Pelosi urges removal of portraits of Confederate House speakers

US House Speaker Nancy Pelosi requested the removal of portraits of previous House speakers who served in the Confederacy from display in the US Capitol.

Pelosi on Thursday made the request in a letter to Cheryl Johnson, clerk of the House of Representatives, a day before Juneteenth, the commemoration of the end of slavery in the United States, Xinhua news agency reported.

“Tomorrow, Americans will mark Juneteenth,” the California Democrat wrote. “Very sadly, this day comes during a moment of extraordinary national anguish, as we grieve for the hundreds of Black Americans killed by racial injustice and police brutality.”

In the letter, she asked Johnson to remove the portraits of four previous speakers who served in the Confederacy: Robert Hunter of Virginia (1839-1841), Howell Cobb of Georgia (1849-1851), James Orr of South Carolina (1857-1859), and Charles Crisp of Georgia (1891-1895).

House Democrats introduced a bill last week that would remove Confederate statues from the US Capitol.

There are currently 11 statues of people who served in the Confederacy, either as officials or soldiers, displayed in the Capitol complex.

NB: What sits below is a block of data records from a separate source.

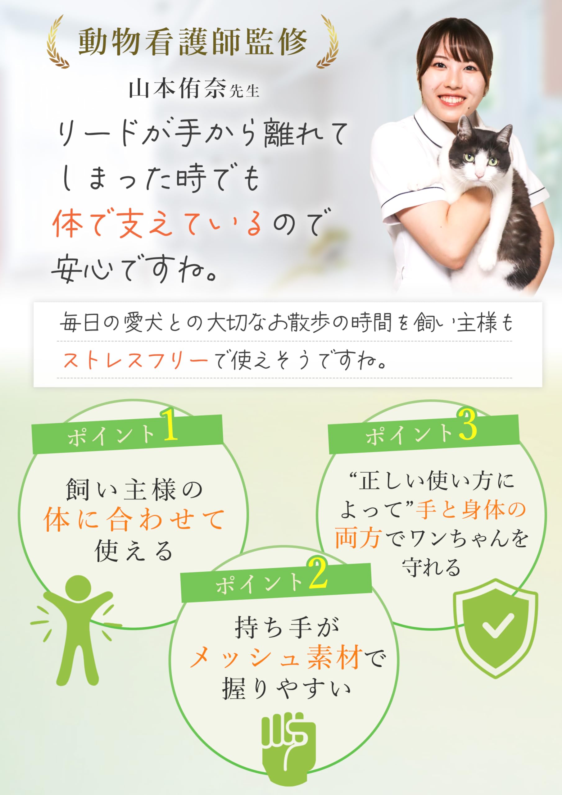負担を抑える2cm幅テープ&軽量約280g 肩当たりがやさしく、持ち替えて手持ちリードとしても使えます。
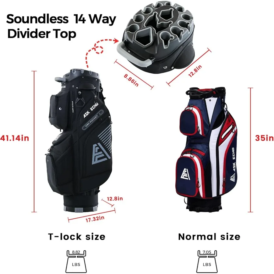2024 T-Lock Golf Cart Bag with 14-Way Organizer Divider Top Premium Cart Bag
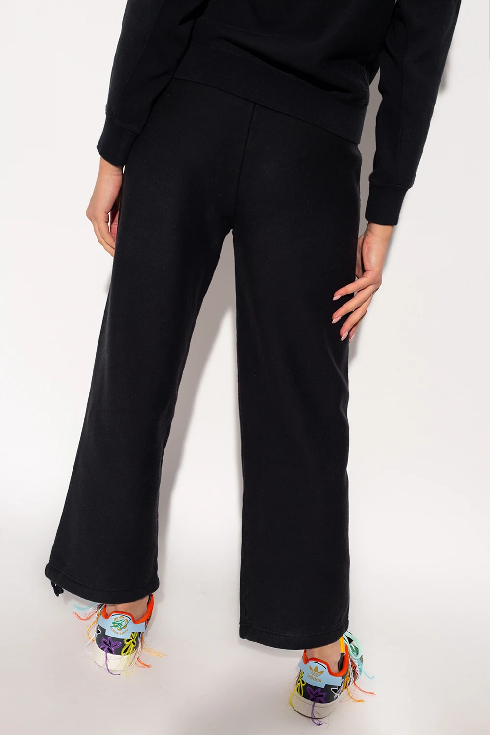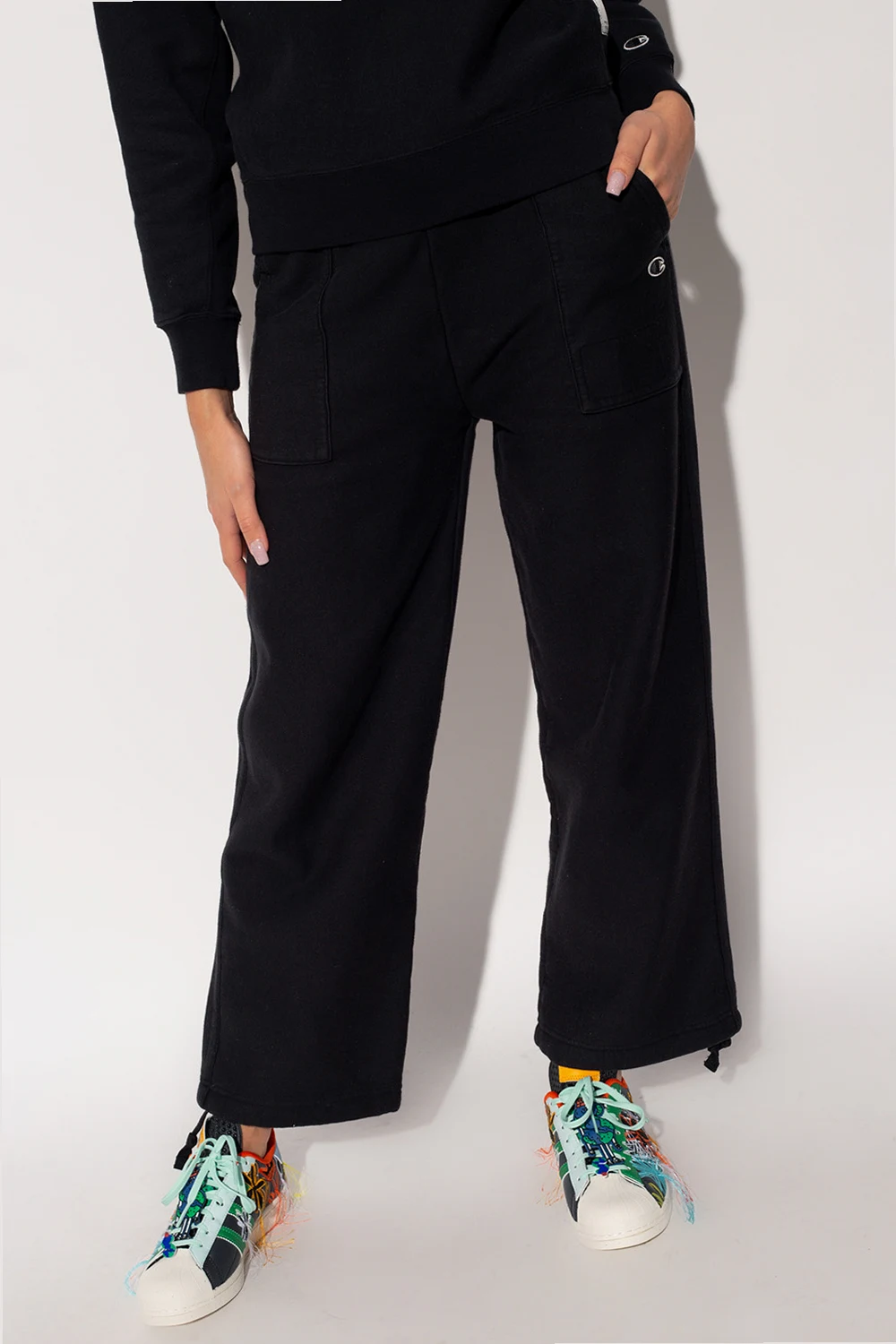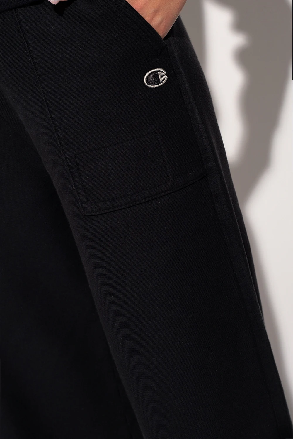 Black sweatpants from Champion. Crafted from cotton, this pair falls with wide legs and features an elasticated waistband, drawstring cuffs and two slip pockets accompanied by a logo patch on the front.
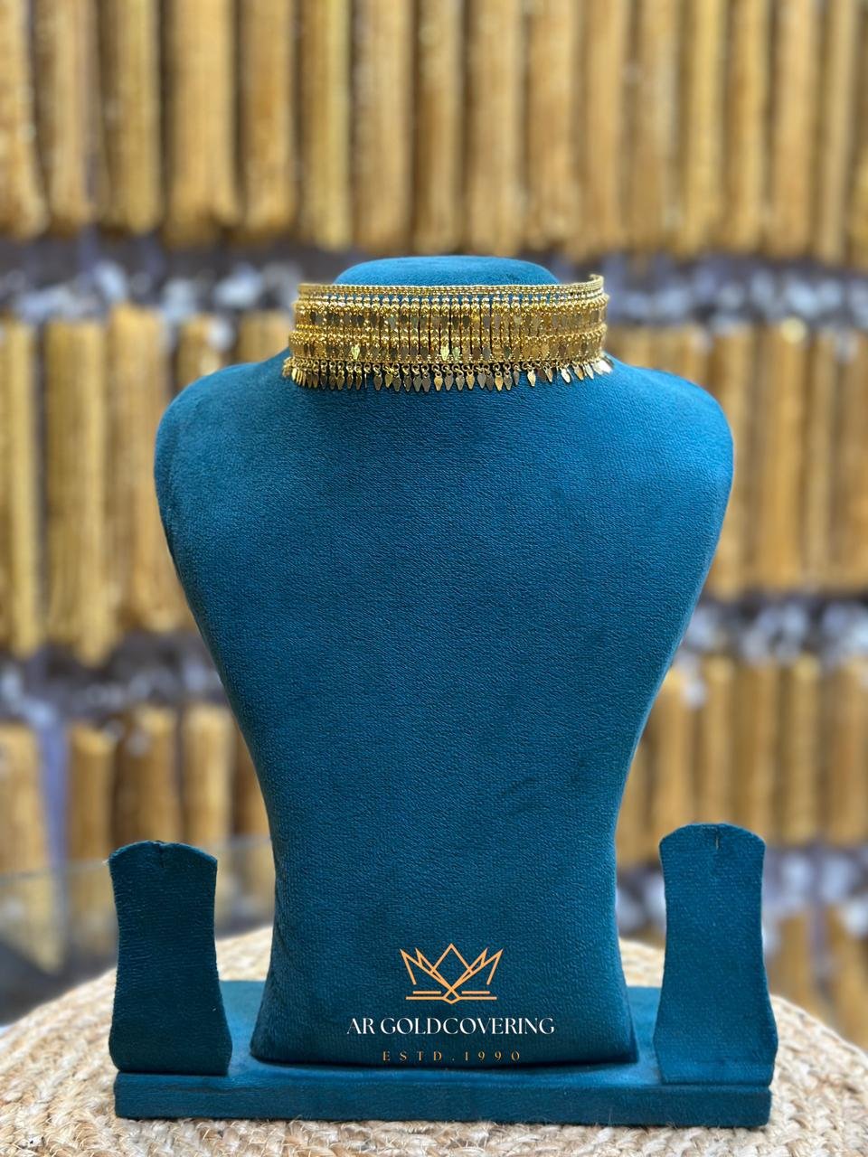 The Elakkathali is one of the most celebrated ornaments in Kerala’s heritage, known for its intricate rows of dangling gold-plated pieces that catch the light with every movement. This 3-line version offers a fuller, more luxurious silhouette, perfect for a traditional bridal ensemble.

The statues are all part of the National Statuary Hall Collection, created in 1864 with a law that allows states to select two statues of deceased individuals to be displayed in the US Capitol.

The legislation from the Democrats would remove all of the Confederate statues in the collection within 120 days. The statues could either be reclaimed by the states or given to the Smithsonian Institution, a US museum and research complex.

Republicans have argued that Congress cannot remove the statues without passing a new law and indicated that the decision should be left up to the states.

“What I do think is clearly a bridge too far is this nonsense that we need to airbrush the Capitol and scrub out everybody from years ago who had any connection to slavery,” Senate Majority Leader Mitch McConnell told reporters earlier this week.

The moves came in the wake of the death of George Floyd, a 46-year-old African American man, during an arrest in Minneapolis, Minnesota, after a white police officer kneeled on his neck for nearly nine minutes.

Protests in response to Floyd’s death, and more broadly to police violence, spread across the United States, as congressional lawmakers and states are pushing for police reforms.